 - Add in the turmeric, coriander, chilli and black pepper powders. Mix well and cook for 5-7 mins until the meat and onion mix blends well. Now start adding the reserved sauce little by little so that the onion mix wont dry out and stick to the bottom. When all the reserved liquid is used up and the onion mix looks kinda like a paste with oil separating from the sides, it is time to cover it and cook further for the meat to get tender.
---
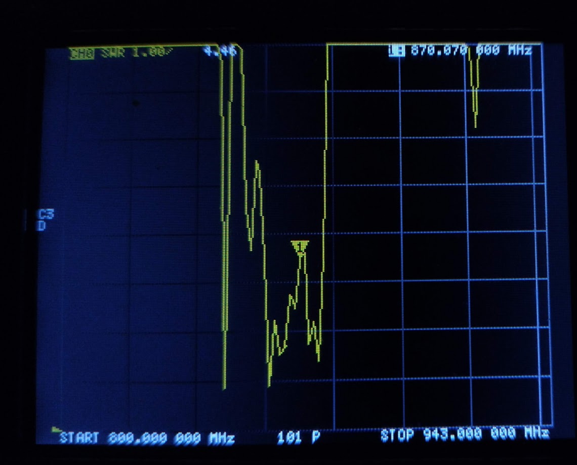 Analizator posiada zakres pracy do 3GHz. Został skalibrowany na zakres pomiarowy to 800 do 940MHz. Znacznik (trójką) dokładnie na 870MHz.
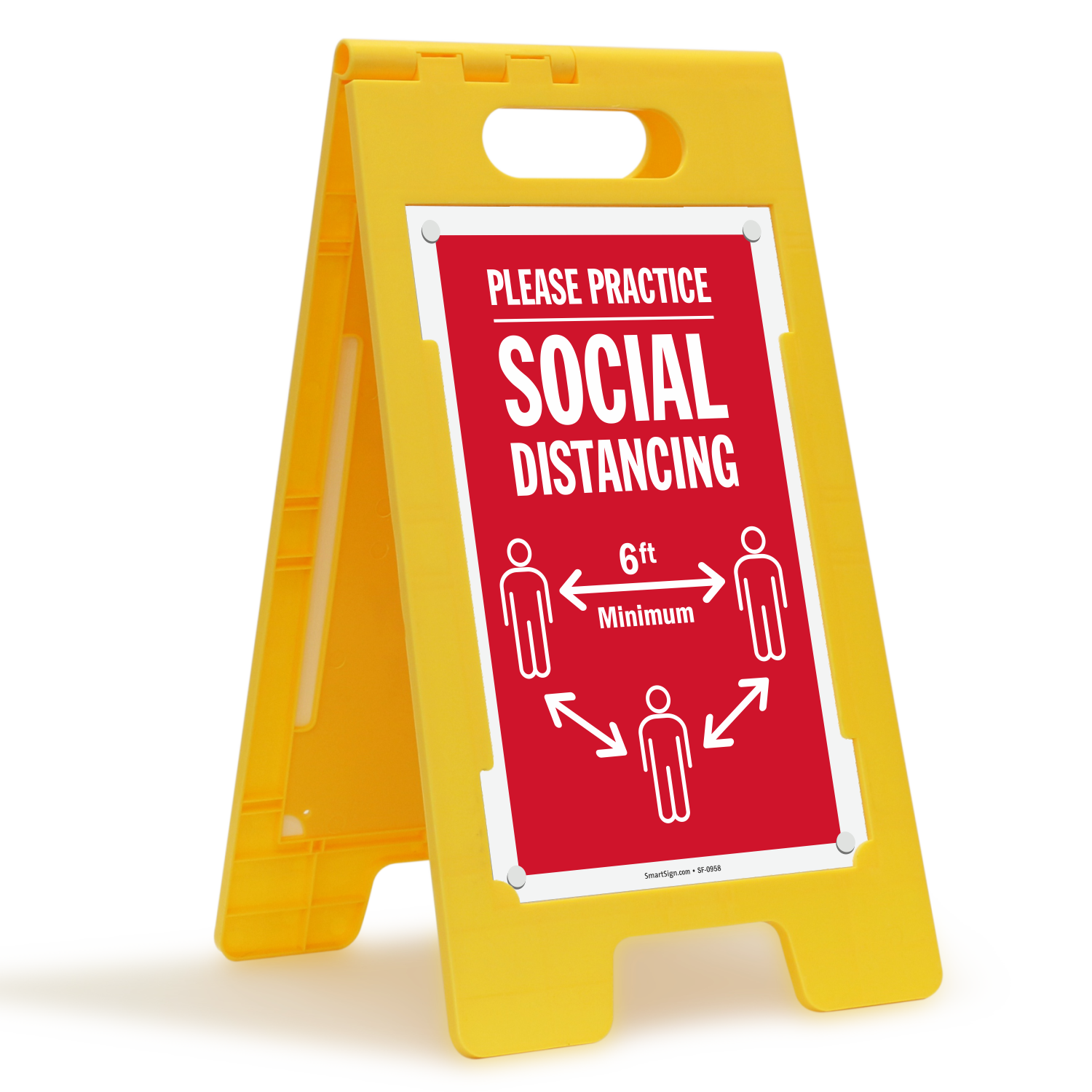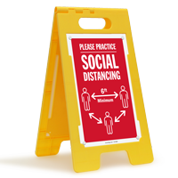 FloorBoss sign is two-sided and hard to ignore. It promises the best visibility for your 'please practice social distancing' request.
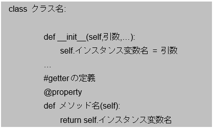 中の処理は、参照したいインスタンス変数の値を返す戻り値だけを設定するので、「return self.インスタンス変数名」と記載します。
--
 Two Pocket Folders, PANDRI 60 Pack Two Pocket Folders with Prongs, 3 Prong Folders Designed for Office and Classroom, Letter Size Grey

## PROBLEM REQUIREMENTS
Please return all lines in the material above that include the word "with".

## ANSWER BOX
 - Add in the turmeric, coriander, chilli and black pepper powders. Mix well and cook for 5-7 mins until the meat and onion mix blends well. Now start adding the reserved sauce little by little so that the onion mix wont dry out and stick to the bottom. When all the reserved liquid is used up and the onion mix looks kinda like a paste with oil separating from the sides, it is time to cover it and cook further for the meat to get tender.
 Two Pocket Folders, PANDRI 60 Pack Two Pocket Folders with Prongs, 3 Prong Folders Designed for Office and Classroom, Letter Size Grey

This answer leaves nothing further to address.